**** DATA PROVIDED ****

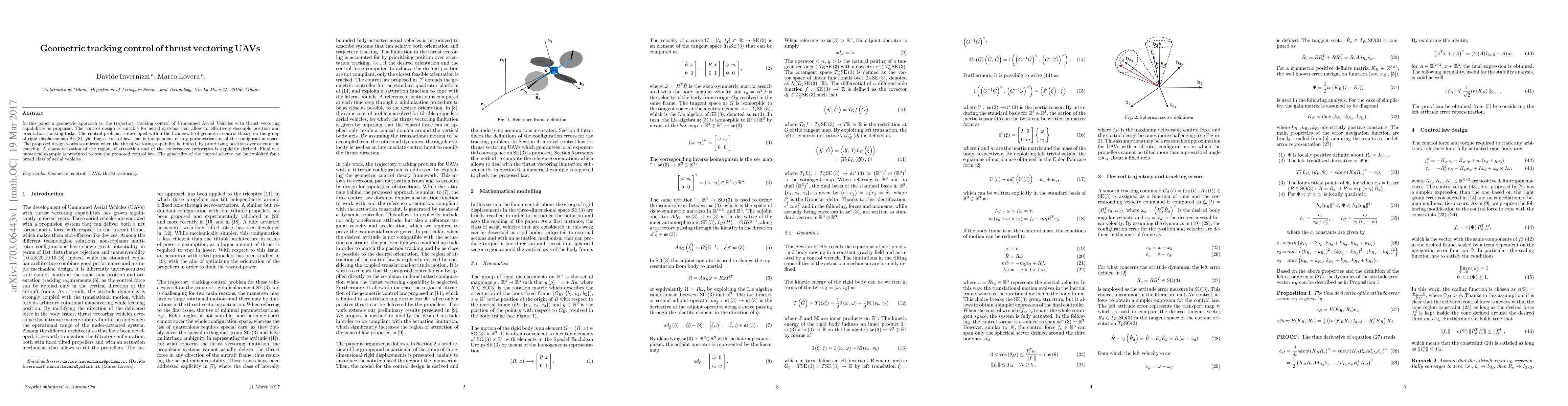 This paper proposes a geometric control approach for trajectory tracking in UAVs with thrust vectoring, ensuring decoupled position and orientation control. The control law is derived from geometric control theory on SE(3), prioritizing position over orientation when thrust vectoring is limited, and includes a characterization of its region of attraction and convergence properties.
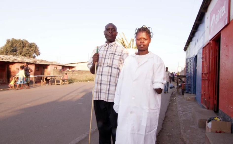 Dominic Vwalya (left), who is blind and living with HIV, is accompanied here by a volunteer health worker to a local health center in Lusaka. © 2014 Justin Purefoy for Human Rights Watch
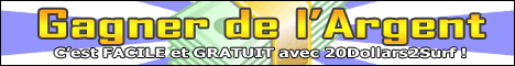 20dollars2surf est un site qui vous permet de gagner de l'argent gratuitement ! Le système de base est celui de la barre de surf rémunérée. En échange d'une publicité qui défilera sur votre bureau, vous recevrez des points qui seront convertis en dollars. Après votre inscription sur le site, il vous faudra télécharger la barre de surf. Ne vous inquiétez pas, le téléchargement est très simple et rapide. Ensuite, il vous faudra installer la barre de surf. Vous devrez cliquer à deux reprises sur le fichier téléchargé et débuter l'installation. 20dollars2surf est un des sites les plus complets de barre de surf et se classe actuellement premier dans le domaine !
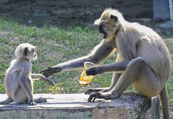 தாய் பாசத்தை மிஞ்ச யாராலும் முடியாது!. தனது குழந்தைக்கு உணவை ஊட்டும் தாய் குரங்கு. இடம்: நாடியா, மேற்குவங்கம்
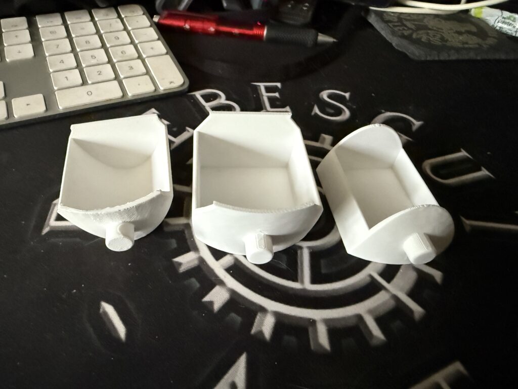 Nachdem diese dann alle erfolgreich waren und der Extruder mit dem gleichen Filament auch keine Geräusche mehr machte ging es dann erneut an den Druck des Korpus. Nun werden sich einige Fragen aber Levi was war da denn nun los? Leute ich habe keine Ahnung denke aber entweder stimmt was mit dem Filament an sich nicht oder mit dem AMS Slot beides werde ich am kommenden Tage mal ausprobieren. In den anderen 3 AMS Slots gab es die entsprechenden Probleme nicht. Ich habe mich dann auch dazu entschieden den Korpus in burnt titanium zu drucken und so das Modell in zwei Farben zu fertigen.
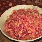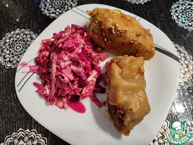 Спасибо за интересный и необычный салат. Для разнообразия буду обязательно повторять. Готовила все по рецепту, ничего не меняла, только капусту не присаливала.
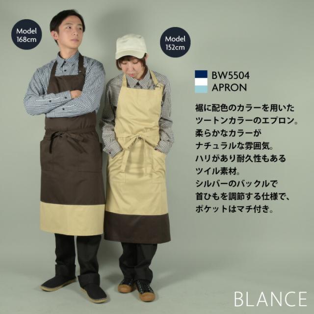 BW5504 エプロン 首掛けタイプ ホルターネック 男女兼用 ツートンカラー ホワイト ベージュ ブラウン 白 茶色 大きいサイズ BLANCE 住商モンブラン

****

THE PROBLEM — Make an exact copy of the lines above, beginning with the line with "20dollars2surf est un site" and ending with the line with "தாய் பாசத்தை மிஞ்ச", and keep the pictures out of it.

TASK SOLUTION —
 20dollars2surf est un site qui vous permet de gagner de l'argent gratuitement ! Le système de base est celui de la barre de surf rémunérée. En échange d'une publicité qui défilera sur votre bureau, vous recevrez des points qui seront convertis en dollars. Après votre inscription sur le site, il vous faudra télécharger la barre de surf. Ne vous inquiétez pas, le téléchargement est très simple et rapide. Ensuite, il vous faudra installer la barre de surf. Vous devrez cliquer à deux reprises sur le fichier téléchargé et débuter l'installation. 20dollars2surf est un des sites les plus complets de barre de surf et se classe actuellement premier dans le domaine !
 தாய் பாசத்தை மிஞ்ச யாராலும் முடியாது!. தனது குழந்தைக்கு உணவை ஊட்டும் தாய் குரங்கு. இடம்: நாடியா, மேற்குவங்கம்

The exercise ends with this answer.